But here we are only capturing the basic meta data about the app to help in certain decision making. for example with the compute resource requirements, edge cloud APIs should be able to find an optimal edge cloud based on the platforms capabilities and resource availability. but then for actual application deployment users will have to leverage EAM APIs.
In future we can always look at optimizing this to avoid developers giving similar information at multiple places but the vision is application profiles are more generic and high level meta data which will be used in multiple CAMARA APIs but then for more specific intents developers will have to use the respective APIs like EAM.
There was a problem hiding this comment.
I see, I understand the intent now. I'm a little worried about the duplication of data/work, though. Does this mean the application provider needs to maintain separate but potentially partially redundant application profiles (definitions) both here and in EAM and potentially other places?

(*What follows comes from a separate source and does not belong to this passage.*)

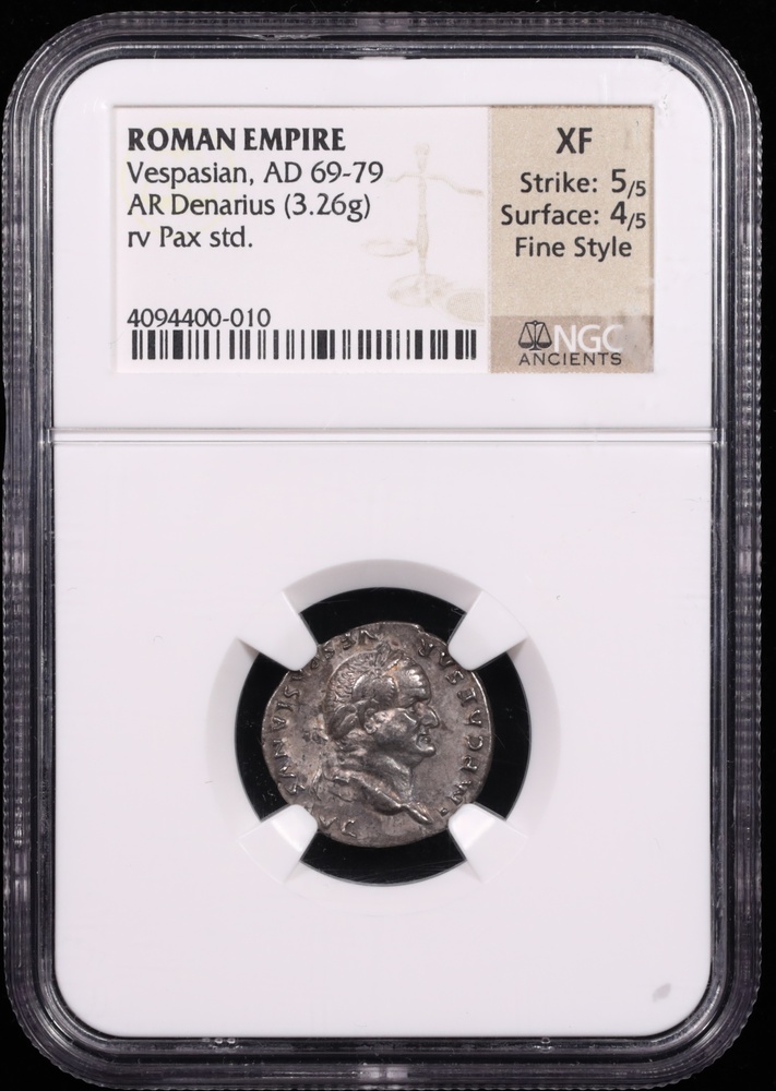AD 69-79 Vespasian Silver Denarius Pax Standard NGC Extremely Fine

Also I understand the intent is to be more general here, but depending on what you intend to utilize it for, you will need more specific information for something like optimal edge placement, if you actually want to get an answer that agrees with what EAM will do/allow. For example, if an edge site only supports the ARM architecture, or only supports containerized workloads and not VMs, or doesn't support QoS (because it's running on a public cloud instead of in-network), etc. I think it would be ok if the intent was not overlapping with other API functionality.
I guess I would like to understand potential use cases and how a user/client would interact with this API and how that would flow to calling the other Camara Traffic/EAM/etc APIs. Especially since these are all Camara APIs I feel like they should work together without us having to maintain duplicate schemas, or require the user to maintain duplicate profiles. Should these application profiles here be a common base definition on which application profiles in other APIs can incorporate/import/extend, without having to duplicate? I'm not sure. But I'm worried that going forward without a plan and saying we'll just optimize it later, realistically means it's unlikely to ever get optimized.
There was a problem hiding this comment.
Here are some of the use case but please consider this as an exhaustive list.
- Identify network performance as compared to what the application need and flag it to the application developer if the network is not able to meet the minimum threshold defined. Connectivity Insights supports this usecase.
Specific to Edge Cloud: - Identify the optimal application end point to connect to for a given UE. Based on the latency and other thresholds defined in the application profile, operators can return a list of edge clouds where the application is deployed and meets the requirements.
- similarly, for application deployment, metadata available in the application profiles can be used to make a determination based on capabilities and resource availability across the edge cloud.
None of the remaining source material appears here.